CC Kids: http://www.youtube.com/crashcoursekids
Hi there, I’m John Green; you’re watching Crash Course World History, and today we’re gonna talk about the Silk Road, so called because it was not a road and not made of silk.
So this is a t-shirt. It was designed in Belgium and contains cotton from both Brazil and the Texas, which was turned into cloth in China, stitched in Haiti, screen-printed in the Washington, sold to me in Indiana, and now that I am too fat to wear it, it will soon make its way to Cameroon or Honduras or possibly even back to Haiti. Can we just pause for a moment to consider the astonishing fact that most t-shirts see more of the world than most of us do—
Mr. Green, Mr. Green, the t-shirt can’t see the world because they don’t have eyes—
Look, Me from the Past, it’s difficult for me to isolate what I hate most about you because there is so much to hate. But very near the top is your relentless talent for ignoring everything that is interesting and beautiful about our species in favor of pedantic sniveling in which no one loses or gains anything of value. I’m gonna go put on a collared shirt because we’re here to tackle the big picture.
(Intro)
So the Silk Road didn’t begin trade, but it did radically expand its scope, and the connections that were formed by mostly unknown merchants arguably changed the world more than any political or religious leaders.
It was especially cool If you were rich, because you finally had something to spend your money on other than temples. But even if you weren’t rich, the Silk Road reshaped the lives of everyone living in Africa and Eurasia, as we will see today. Let’s go straight to the Thought Bubble.
As previously mentioned, the Silk Road was not a road. It’s not like archaeologists working in Uzbekistan have uncovered a bunch of yield signs and baby on board stickers. It was an overland route where merchants carried goods for trade. But it was really two routes: One that connected the Eastern Mediterranean to Central Asia and one that went from Central Asia to China.
Further complicating things, the Silk Road involved sea routes: Many goods reached Rome via the Mediterranean, and goods from Central Asia found their way across the Pacific to Japan and even Java. So we shouldn’t think of the Silk Road as a road but rather as a network of trade routes.
But just as now, the goods traveled more than the people who traded them: Very few traders traversed the entire Silk Road: Instead, they’d move back and forth between towns, selling to traders who’d take the goods further toward their destination, with everybody marking up prices along the way.
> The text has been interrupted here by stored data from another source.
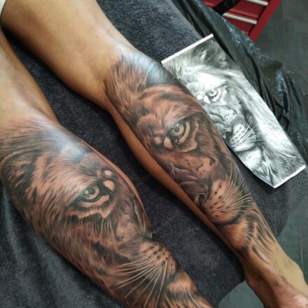 Tetování zvíře, lev znamení zvěrokruhu na předloktí
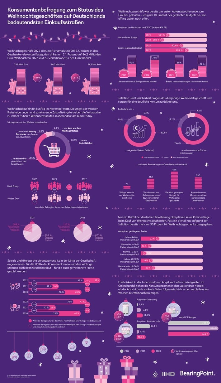 Konsument:innen sind durch Inflation und hohe Energiepreise tief verunsichert und geben insgesamt deutlich weniger Geld aus. So sinkt das durchschnittliche Budget für Weihnachtsgeschenke um 40 Prozent im Vergleich zum Vorjahr. Um Geld zu sparen, haben viele ihren Weihnachtskauf an den Rabatttagen im November getätigt – Stichwort Black Friday. Lediglich die Themen Nachhaltigkeit und Ökologie trotzen dem Trend. Das ist das Ergebnis der alljährlichen Konsumentenbefragung des IIHD-Instituts und der Unternehmensberatung BearingPoint zum Status des diesjährigen Weihnachtsgeschäfts auf Deutschlands meist frequentierten Einkaufsstraßen.
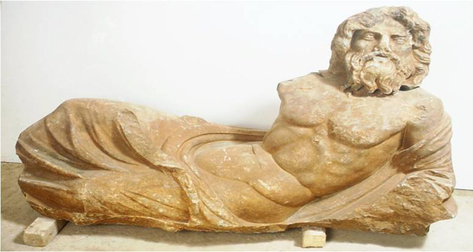 The third level of the villa contains some very interesting installations. Starting from east to west and along the main axis, one encounters the Temple-Sanctuary of Antinous-Dionysos (fig. 6.6). The initial plan had the shape of a basilica with an apse on the east side. In the middle of the apse there was an impluvium revetted with large marble plaques, fragments of which have been preserved. The floor was lavishly decorated with polychrome marbles in a technique known as opus sectile. An orthogonal pedestal was found on the northwest corner of the building. A statue of Antinous-Dionysos (fig. 6.7) originally stood on a podium in the apse of the building.32 A head of Polydeukion (a pupil of Herodes who died young) and a headless female statue, probably Herodes’s wife, Regilla, were also found in the sanctuary. Next to the Temple-Sanctuary of Antinous was an apsidal building, the Serapeion, similar to the one at Hadrian’s Villa. The identification of the building as a Serapeion has been confirmed by the discovery of both complete and fragmentary statues of river gods (figs. 6.8, 6.9), similar to those depicted on the mosaic pavements at the adjacent southern stoa. A statue of Osiris (fig. 6.10) was also found in the Serapeion, while a marble sphinx, now in the storage rooms of the National Museum in Athens, might also come from this place. Once again, the use of Dionysiac themes, operating alongside Egyptianizing motifs, serves as a stylistic embodiment of an appropriation of conquered cultures.
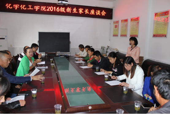 2016年9月1日下午,化学化工学院2016级新生家长座谈会在化学化工学院会议室举行。化学化工学院院长李琳,副院长张玉波、张红霞,新生班主任,全体辅导员及部分教师参加了此次座谈会。会议由杨莉莉书记主持。
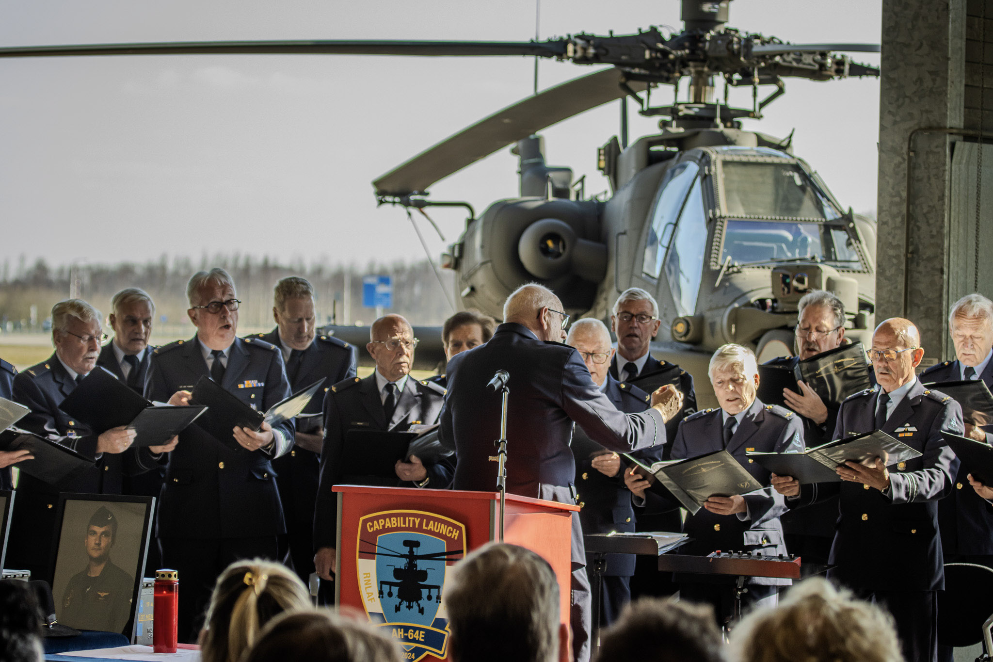 Met een bus vertrekt het Luchtmacht Mannenkoor naar Vlb Gilze-Rijen voor de de herdenkingsdienst voor de 10 jaar geleden in Mali gecrashte vliegers van het 301-Squadron.
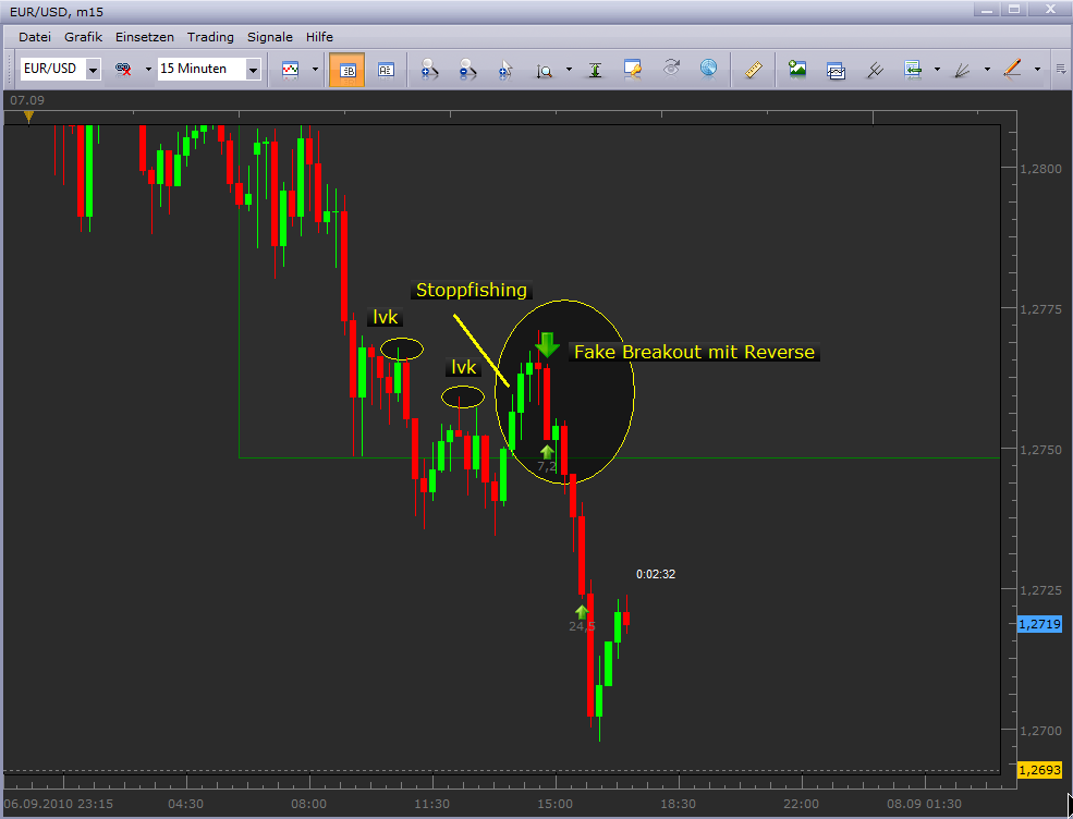 Trade#12 im EUR/USD war die Umsetzung einer Low-Risk Idee. Gerade wenn die Märkte starkes Momentum aufgebaut haben und man kommt nicht wirklich günstig in den Markt rein ist es oft eine Frage der Geduld. Ich versuche zu warten bis die großen Jungs wieder bereit sind drauf zu drücken. Also brauche ich eine Situation wo erst mal im Orderbuch naß durchgewischt wurde! Die Bären werden kurzzeitig aus dem Markt gedrückt, und die Stopps gefischt. Hier ergibt sich dann eine Formation die sehr beliebt und effektiv ist. Der Fake-Breakout aus einer Range und dann die echte Reaktion in die andere (die richtige) Richtung. Dieses Setup habe ich mit 1 Lot und einem I-Stopp von -10 Pips gehandelt. Die erste Hälfte habe ich am unteren Ende der Range glattgestellt um dann BE zu gehen. Die Restposi erreichte dann zügig mein Gewinnziel.

So what’d they trade? Well silk, for starters. For millennia, silk was only produced in China. It is spun from the cocoons of mulberry tree-eating worms and the process of silk making as well as the techniques for raising the worms were closely guarded secrets, since the lion’s share of China’s wealth came from silk production.
The Chinese used silk as fishing line, to buy off nomadic raiders to keep things peaceful, and to write before they invented paper. But as an export, silk was mostly used for clothes: Silk clothing feels light in the summer and warm in the winter, and until we invented $700 pre-distressed designer jeans, decking yourself out in silk was the #1 way to show people that you were wealthy. Thanks, Thought Bubble.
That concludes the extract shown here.